* **Task statement**
Write out the entries below exactly, but only from the line containing "古着 JOSEPH ABBOUD" through the line containing "- Un grupo de", and without the pictures.

* **Records for processing**
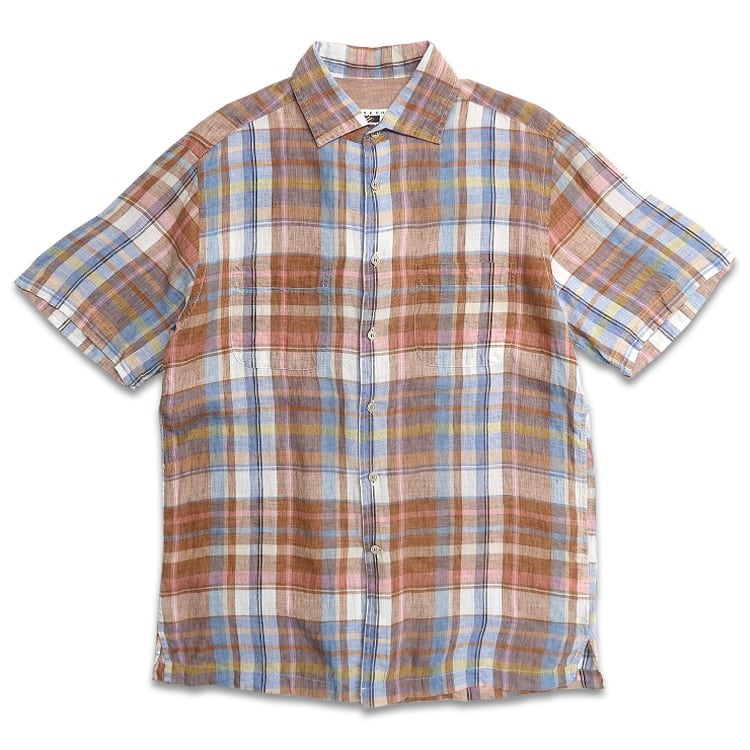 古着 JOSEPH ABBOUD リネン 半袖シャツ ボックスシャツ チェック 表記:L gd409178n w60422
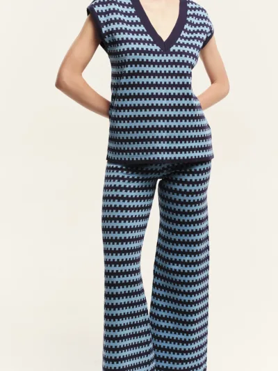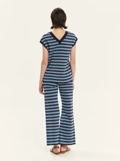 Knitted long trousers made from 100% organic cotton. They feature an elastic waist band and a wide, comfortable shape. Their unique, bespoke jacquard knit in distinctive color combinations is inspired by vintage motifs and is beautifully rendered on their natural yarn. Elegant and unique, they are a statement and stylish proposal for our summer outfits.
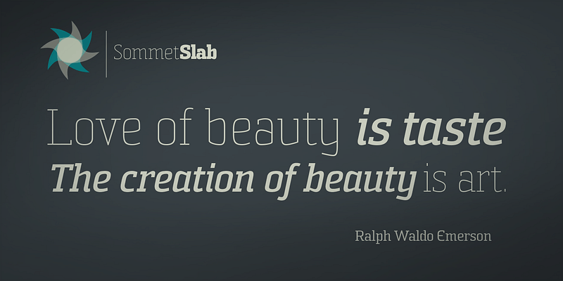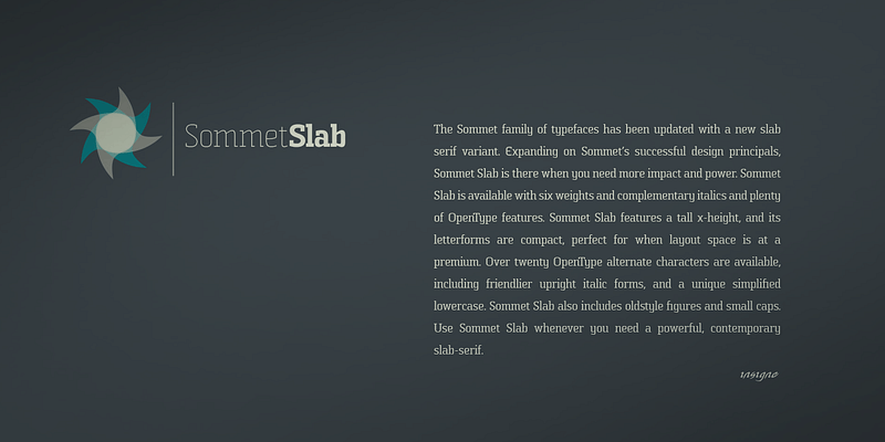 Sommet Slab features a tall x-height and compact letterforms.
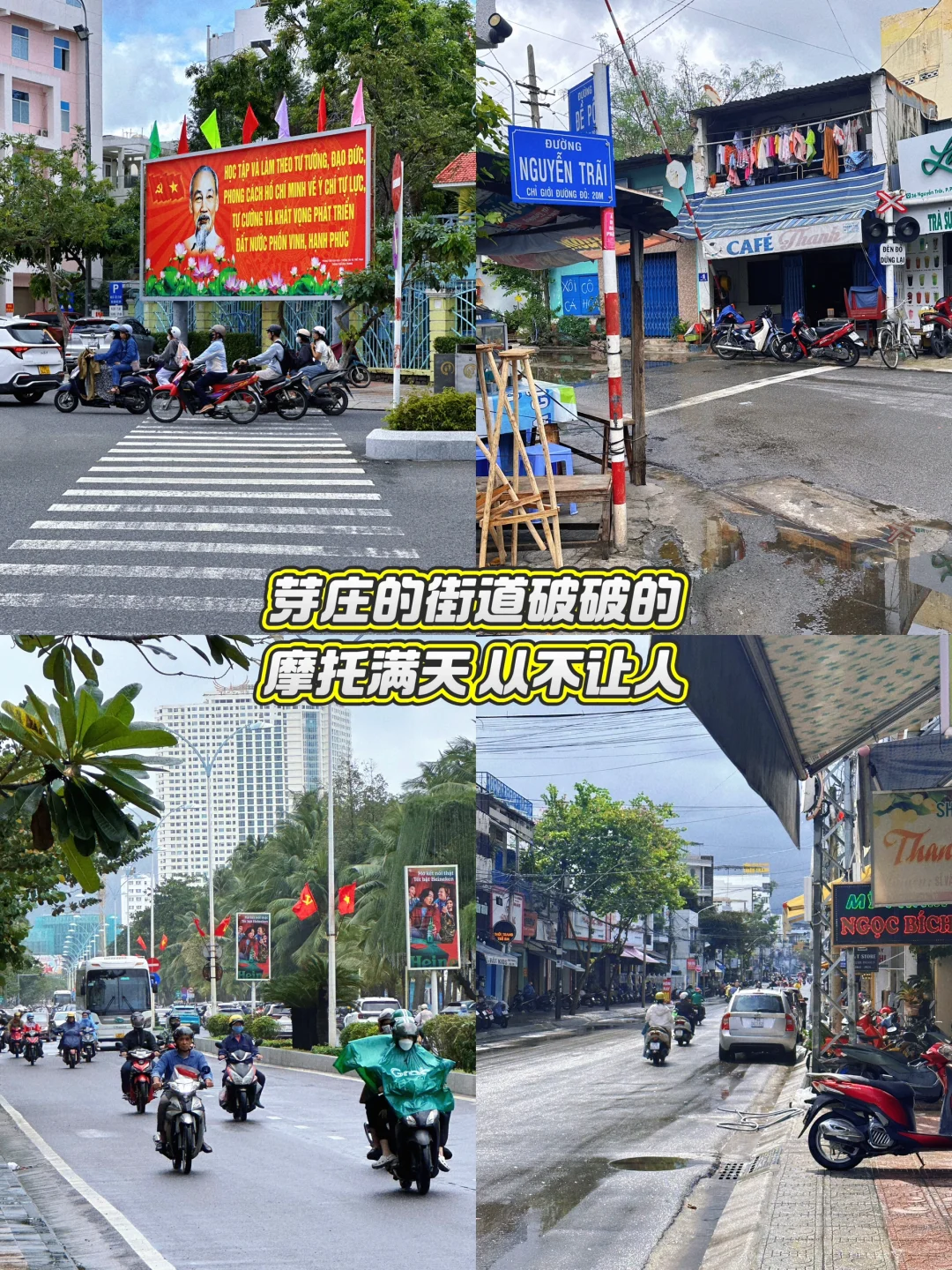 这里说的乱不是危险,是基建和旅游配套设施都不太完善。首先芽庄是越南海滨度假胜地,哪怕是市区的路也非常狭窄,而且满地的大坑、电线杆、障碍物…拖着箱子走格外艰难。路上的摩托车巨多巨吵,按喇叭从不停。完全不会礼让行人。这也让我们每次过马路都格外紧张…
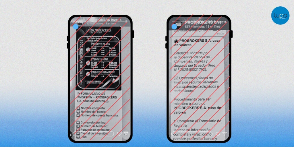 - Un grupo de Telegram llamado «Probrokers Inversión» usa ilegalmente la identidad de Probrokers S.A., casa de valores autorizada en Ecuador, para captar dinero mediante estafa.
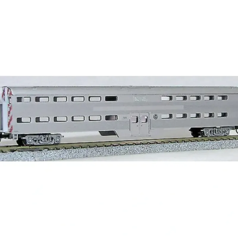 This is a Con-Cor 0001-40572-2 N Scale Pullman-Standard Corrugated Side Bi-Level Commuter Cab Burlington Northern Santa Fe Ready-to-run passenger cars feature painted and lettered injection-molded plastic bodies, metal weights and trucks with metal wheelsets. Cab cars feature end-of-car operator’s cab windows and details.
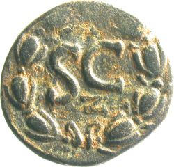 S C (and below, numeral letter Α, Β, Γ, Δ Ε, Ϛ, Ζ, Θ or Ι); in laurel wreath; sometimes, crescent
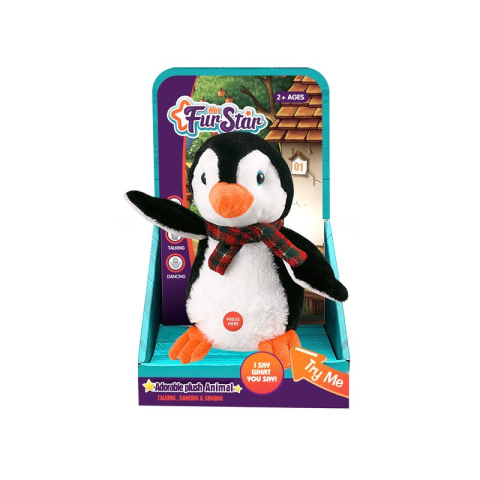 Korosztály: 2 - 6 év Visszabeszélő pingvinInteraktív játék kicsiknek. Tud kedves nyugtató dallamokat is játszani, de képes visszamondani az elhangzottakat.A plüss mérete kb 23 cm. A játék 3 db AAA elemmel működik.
==
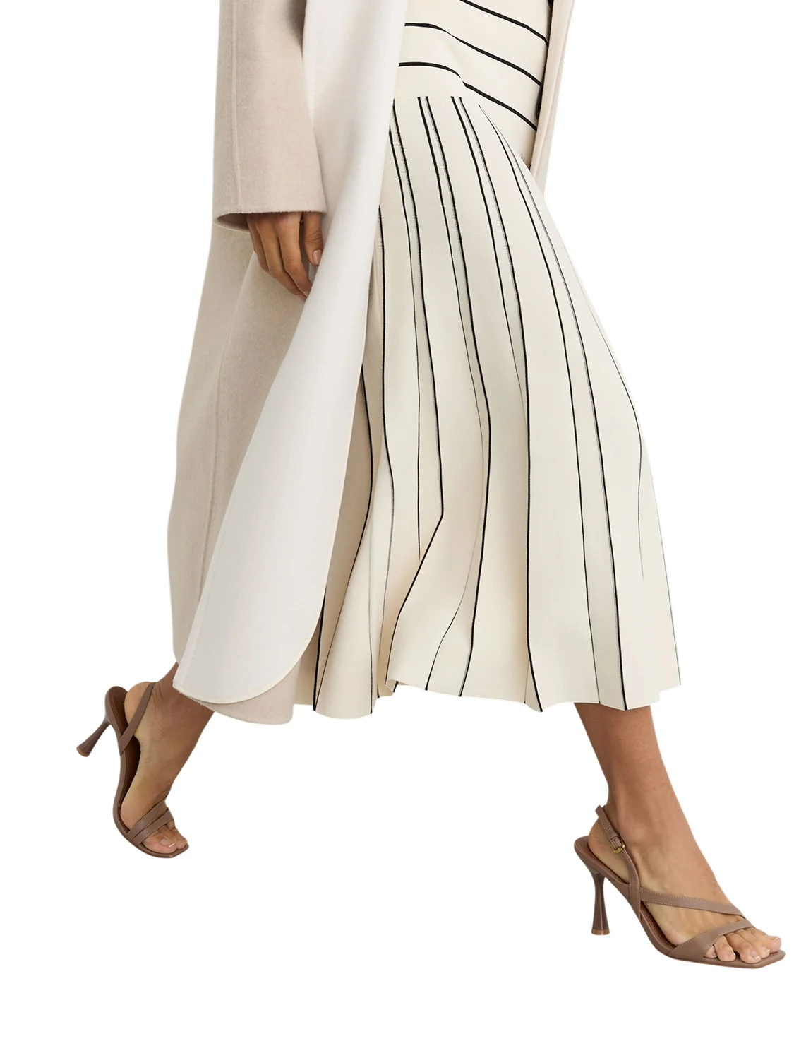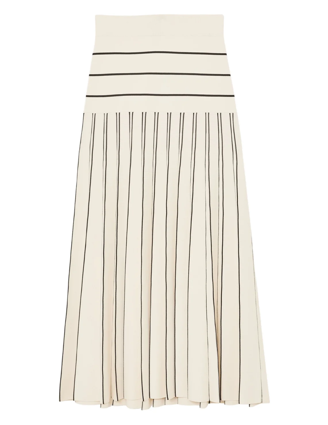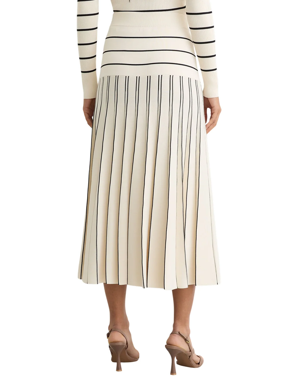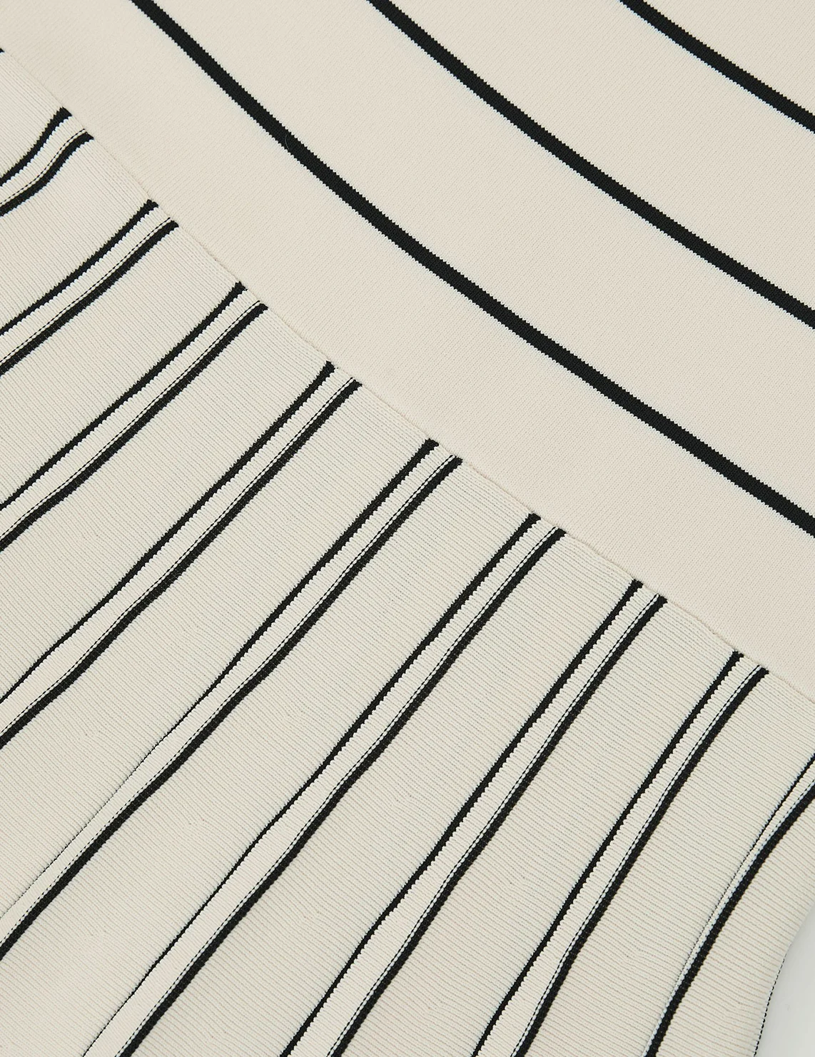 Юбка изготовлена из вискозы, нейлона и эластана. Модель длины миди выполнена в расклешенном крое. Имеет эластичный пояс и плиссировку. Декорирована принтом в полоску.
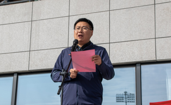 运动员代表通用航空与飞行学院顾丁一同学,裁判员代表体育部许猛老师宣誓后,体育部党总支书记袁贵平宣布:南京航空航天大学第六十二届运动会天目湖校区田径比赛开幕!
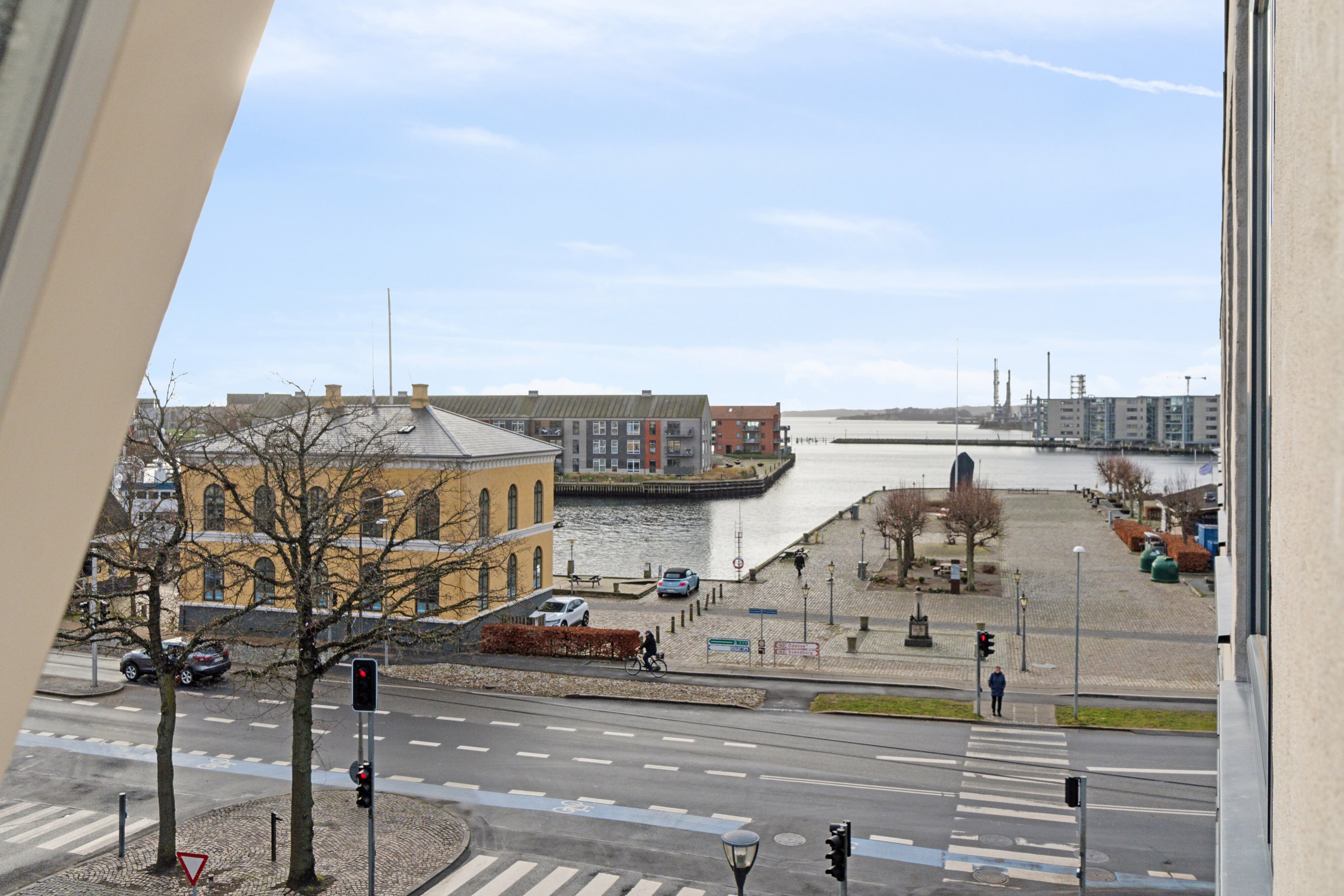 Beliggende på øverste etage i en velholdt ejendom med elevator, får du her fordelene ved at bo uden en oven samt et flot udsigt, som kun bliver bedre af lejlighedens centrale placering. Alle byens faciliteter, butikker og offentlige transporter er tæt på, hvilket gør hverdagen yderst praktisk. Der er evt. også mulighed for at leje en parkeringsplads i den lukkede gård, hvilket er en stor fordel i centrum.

* **The completed task**
 古着 JOSEPH ABBOUD リネン 半袖シャツ ボックスシャツ チェック 表記:L gd409178n w60422
 Knitted long trousers made from 100% organic cotton. They feature an elastic waist band and a wide, comfortable shape. Their unique, bespoke jacquard knit in distinctive color combinations is inspired by vintage motifs and is beautifully rendered on their natural yarn. Elegant and unique, they are a statement and stylish proposal for our summer outfits.
 Sommet Slab features a tall x-height and compact letterforms.
 这里说的乱不是危险,是基建和旅游配套设施都不太完善。首先芽庄是越南海滨度假胜地,哪怕是市区的路也非常狭窄,而且满地的大坑、电线杆、障碍物…拖着箱子走格外艰难。路上的摩托车巨多巨吵,按喇叭从不停。完全不会礼让行人。这也让我们每次过马路都格外紧张…
 - Un grupo de Telegram llamado «Probrokers Inversión» usa ilegalmente la identidad de Probrokers S.A., casa de valores autorizada en Ecuador, para captar dinero mediante estafa.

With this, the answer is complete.